Follow us on social

Shutterstock_2130057692

Concerning the arguments for 'total defeat' of Russia

They fall apart at the slightest examination, but are dominating the Ukraine discussion nonetheless. Let's take them on, point for point.

Analysis | Europe

Zealous advocates of Western support for the total defeat of Russia in Ukraine — including, if necessary, direct Western intervention and NATO-Russia war — base their case on a disparate set of arguments, almost every one of which turns out on examination to be either exaggerated or wholly mistaken.

The most extreme is that the defense of “civilization” demands the complete defeat of Russia, ideally leading in turn to Nuremberg-style trials of the top officials of the Russian government and (for some commentators) the break-up of the Russian Federation itself. This call is linked to the allegation that the Russian invasion has been not merely brutal, but has amounted to “genocide.”

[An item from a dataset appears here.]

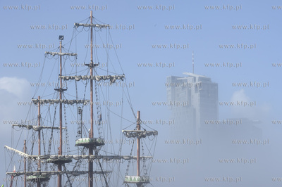 Gdynia. Maszty wycieczkowego galeonu, w woddali we mgle Sea Towers. 28.03.2019 fot. Maciej Kosycarz / KFP
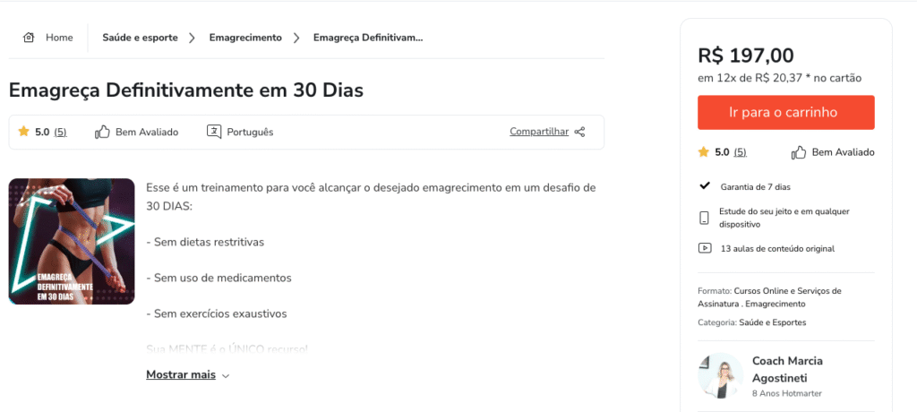 Você receberá o acesso a Emagreça Definitivamente em 30 Dias por email. Pode ser um curso online, um ebook, uma série de videoaulas, um serviço, evento, etc. O conteúdo será acessado ou baixado através de um computador, celular, tablet ou outro dispositivo digital. Você também pode acessar o produto comprado nesta página:

This charge forms — at least subliminally — a serious intellectual and moral barrier to any eventual peace settlement. For the implied association of the Russian regime with Nazism suggests not just that no compromise with this regime is morally possible, but that morality and peace demand that the regime — and the state system over which it presides — be totally destroyed.

If one were to accept and follow through on this analogy, it would also lead to the conclusion that to defeat such evil, almost any means and any alliances are legitimate. For after all, the Nazis were not defeated by limited and humane war. They were defeated in total war by the Red Army, which (together with Polish and Czech militias) killed hundreds of thousands of eastern German civilians, and ethnically cleansed more than a million more — and with the help of a British and American bombing campaign that deliberately killed hundreds of thousands of German civilians and destroyed their cities.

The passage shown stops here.